As I left gave Mike Some time and went back to the bikes. Tom went into the hospital and helped Mike get it put in cast. The following three hours from 4:30 till 7:30pm saw me sit through a sand storm where both bikes fell over and me huddled beside a van as it wobble profusely (Did a video of it but you will have to wait for the DVD). As it cleared the local Mongolian blokes at the hospital with their wives on maternity leave helped tie the bikes upright and turn the tent fly into a giant cover for the gear as the rain clouds set in. Just before it bucketed down Rob pulls in covered in Sand. As it turns out he rode through the sand storm and had to leave Climo 30km out of town as they had fixed the puncture with the help of locals but Climo had got another puncture just shy of town. 

Rob decided to go in and help Mike. I stayed outside being entertained by the Mongolian fathers to be. They taught me knots and made me do it with my eyes closed :) I took lots of photos.

By 7 pm Mike came out and Tom taxied Mike to the hotel. Rob was a machine as he did like six shuttles of gear to the hotel and later returned to help me with Mike's bike.
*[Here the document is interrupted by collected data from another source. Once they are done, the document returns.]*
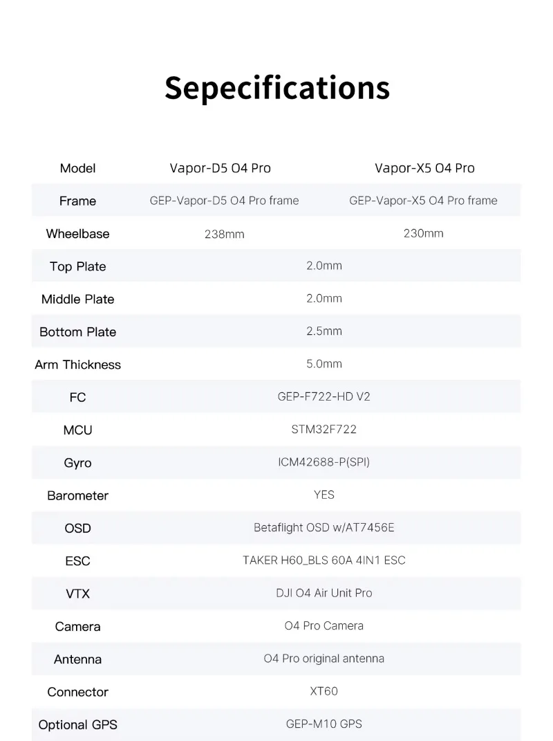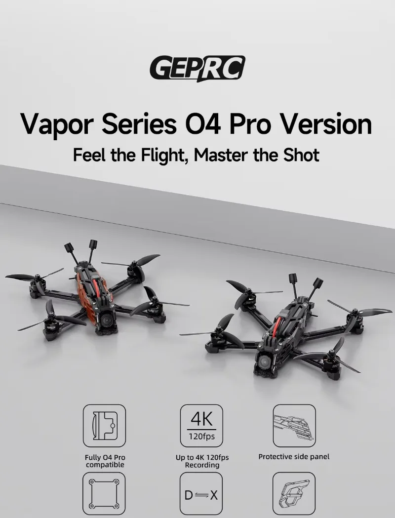 The GEPRC team has redesigned the Vapor series for optimal compatibility with the DJI O4 Air Unit Pro VTX.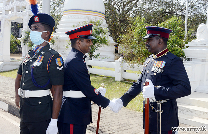The day’s programme kicked off after the day's protagonist, Warrant Officer-I L.H.T.D Sarath Kumara arrived at the parade ground to be received in a formal welcome by WO - I M. R. G. C Kulasooriya of the Vijayabahu Infanrty Regiment (VIR) who is also the Sergeant Major at Diyatalawa Sri Lanka Military Academy (SLMA).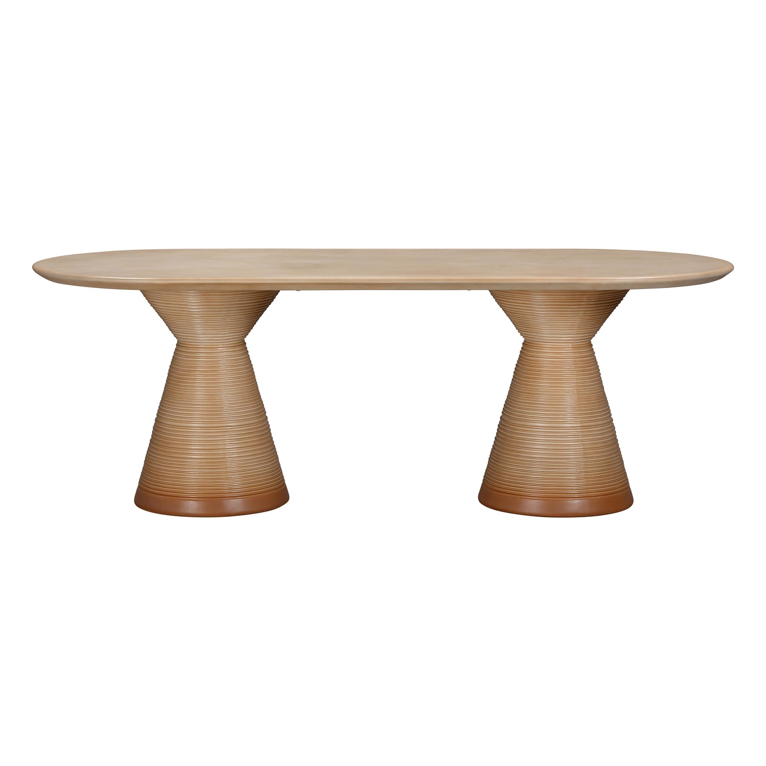 Introducing our Fassa Terracotta Oval Indoor/Outdoor Dining Table- A midcentury marvel seamlessly blending cool vibes with functional design. The rounded and tapered edge adds a hint of retro charm, while the textured faux terracotta top boasts natural shading. Fassa's oval shape and pedestal bases not only enhance its sleek silhouette but also invite friends and family to gather around in style.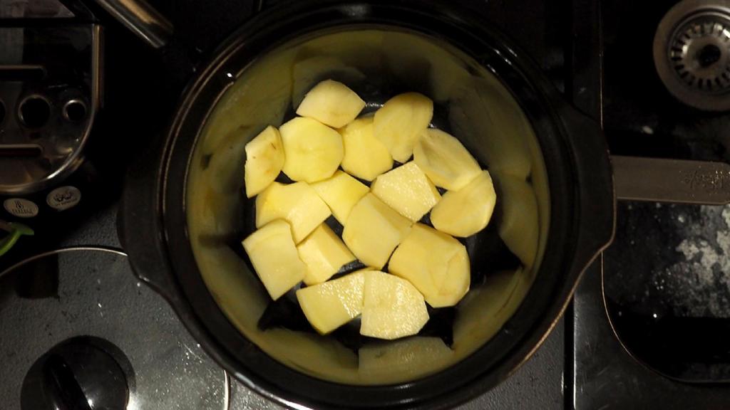 Pelamos las patatas y cortamos en trozos irregulares metiendo el cuchillo y arrancando para que suelte el almidón en la cocción. Ponemos los trozos de patata en la base de la Crock-pot.

Tom at this point had to go get climo still out in the wilderness :) By 8:30 pm both Tom and Climo got back and we enjoyed a dinner together in the hotel room. Mike shared his thoughts and we did the best to get organized redistribute gear and talk about our plans. To mike's credit he was so awesome with how he handled it. To be honest it was so surreal that he was going home. Tom had jacked up a flight for mike with the help of some locals and the decision was in Mike's hands. The following morning I get a bang on the door at 6am from Mike "Mish I want to take the flight". This gave us 40 minutes to pack his stuff and organize a taxi to the airport. As I woke both robs they were in a dither but proceeded to get up not willingly :)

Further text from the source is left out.